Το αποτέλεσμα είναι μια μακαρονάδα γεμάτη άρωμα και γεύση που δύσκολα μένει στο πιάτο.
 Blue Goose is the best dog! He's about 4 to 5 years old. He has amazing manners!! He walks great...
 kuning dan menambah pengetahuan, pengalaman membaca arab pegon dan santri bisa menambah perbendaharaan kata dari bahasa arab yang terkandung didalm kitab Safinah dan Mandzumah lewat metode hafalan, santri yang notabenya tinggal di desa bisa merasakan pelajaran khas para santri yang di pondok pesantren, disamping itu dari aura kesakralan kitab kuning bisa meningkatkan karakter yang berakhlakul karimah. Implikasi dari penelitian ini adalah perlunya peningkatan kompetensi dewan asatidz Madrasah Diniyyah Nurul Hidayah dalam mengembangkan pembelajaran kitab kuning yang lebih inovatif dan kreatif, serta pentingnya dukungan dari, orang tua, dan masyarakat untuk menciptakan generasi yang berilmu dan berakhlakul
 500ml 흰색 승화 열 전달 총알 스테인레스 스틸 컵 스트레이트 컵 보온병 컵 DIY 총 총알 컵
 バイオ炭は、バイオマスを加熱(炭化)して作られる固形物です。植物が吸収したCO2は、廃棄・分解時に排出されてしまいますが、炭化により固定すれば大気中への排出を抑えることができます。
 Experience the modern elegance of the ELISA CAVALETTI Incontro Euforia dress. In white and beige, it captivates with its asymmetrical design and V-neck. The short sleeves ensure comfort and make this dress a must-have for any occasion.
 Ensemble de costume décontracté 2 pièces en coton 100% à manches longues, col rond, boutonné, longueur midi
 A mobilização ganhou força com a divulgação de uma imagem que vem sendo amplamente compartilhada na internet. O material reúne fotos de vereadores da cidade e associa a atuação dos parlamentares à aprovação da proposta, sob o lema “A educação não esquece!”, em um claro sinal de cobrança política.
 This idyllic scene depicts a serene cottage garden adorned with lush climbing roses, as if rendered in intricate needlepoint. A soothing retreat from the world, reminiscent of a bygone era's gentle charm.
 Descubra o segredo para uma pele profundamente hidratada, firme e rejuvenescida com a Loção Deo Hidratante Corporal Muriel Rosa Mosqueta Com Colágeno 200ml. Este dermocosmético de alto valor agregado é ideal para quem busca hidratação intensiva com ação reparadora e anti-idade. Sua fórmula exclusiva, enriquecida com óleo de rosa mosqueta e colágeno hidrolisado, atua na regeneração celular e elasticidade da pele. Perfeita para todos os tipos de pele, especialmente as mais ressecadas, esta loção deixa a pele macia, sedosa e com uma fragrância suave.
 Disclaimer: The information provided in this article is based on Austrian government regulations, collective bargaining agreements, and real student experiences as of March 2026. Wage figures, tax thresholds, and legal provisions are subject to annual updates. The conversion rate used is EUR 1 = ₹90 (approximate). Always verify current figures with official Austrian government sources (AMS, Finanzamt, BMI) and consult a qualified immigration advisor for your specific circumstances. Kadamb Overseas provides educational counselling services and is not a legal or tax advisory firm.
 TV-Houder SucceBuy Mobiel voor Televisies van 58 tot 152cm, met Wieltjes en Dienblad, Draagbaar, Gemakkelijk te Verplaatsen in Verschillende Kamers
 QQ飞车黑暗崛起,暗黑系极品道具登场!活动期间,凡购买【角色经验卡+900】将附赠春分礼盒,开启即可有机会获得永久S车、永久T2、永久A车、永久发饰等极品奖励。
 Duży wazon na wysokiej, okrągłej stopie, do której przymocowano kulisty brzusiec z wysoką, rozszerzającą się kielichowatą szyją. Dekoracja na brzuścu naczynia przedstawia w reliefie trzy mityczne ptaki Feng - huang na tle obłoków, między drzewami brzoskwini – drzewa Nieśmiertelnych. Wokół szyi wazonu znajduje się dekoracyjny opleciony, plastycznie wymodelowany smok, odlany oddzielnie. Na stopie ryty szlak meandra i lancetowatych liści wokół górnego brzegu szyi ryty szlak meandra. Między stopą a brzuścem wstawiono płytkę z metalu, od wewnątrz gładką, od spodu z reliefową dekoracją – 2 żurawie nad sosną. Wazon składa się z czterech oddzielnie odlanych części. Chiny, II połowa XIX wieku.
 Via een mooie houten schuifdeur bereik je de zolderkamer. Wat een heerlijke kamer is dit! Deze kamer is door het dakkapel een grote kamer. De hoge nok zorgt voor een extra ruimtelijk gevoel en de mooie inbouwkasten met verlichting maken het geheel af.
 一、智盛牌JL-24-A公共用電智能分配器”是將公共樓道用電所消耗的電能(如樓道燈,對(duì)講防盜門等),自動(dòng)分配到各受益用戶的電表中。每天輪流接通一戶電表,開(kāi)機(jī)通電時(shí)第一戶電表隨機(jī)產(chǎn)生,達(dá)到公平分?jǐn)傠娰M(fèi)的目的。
----------------------------------------
#### [Assigned task]
Note each line above that contains "with" and copy it out.

#### [Finished exercise]
 Experience the modern elegance of the ELISA CAVALETTI Incontro Euforia dress. In white and beige, it captivates with its asymmetrical design and V-neck. The short sleeves ensure comfort and make this dress a must-have for any occasion.
 This idyllic scene depicts a serene cottage garden adorned with lush climbing roses, as if rendered in intricate needlepoint. A soothing retreat from the world, reminiscent of a bygone era's gentle charm.
 Disclaimer: The information provided in this article is based on Austrian government regulations, collective bargaining agreements, and real student experiences as of March 2026. Wage figures, tax thresholds, and legal provisions are subject to annual updates. The conversion rate used is EUR 1 = ₹90 (approximate). Always verify current figures with official Austrian government sources (AMS, Finanzamt, BMI) and consult a qualified immigration advisor for your specific circumstances. Kadamb Overseas provides educational counselling services and is not a legal or tax advisory firm.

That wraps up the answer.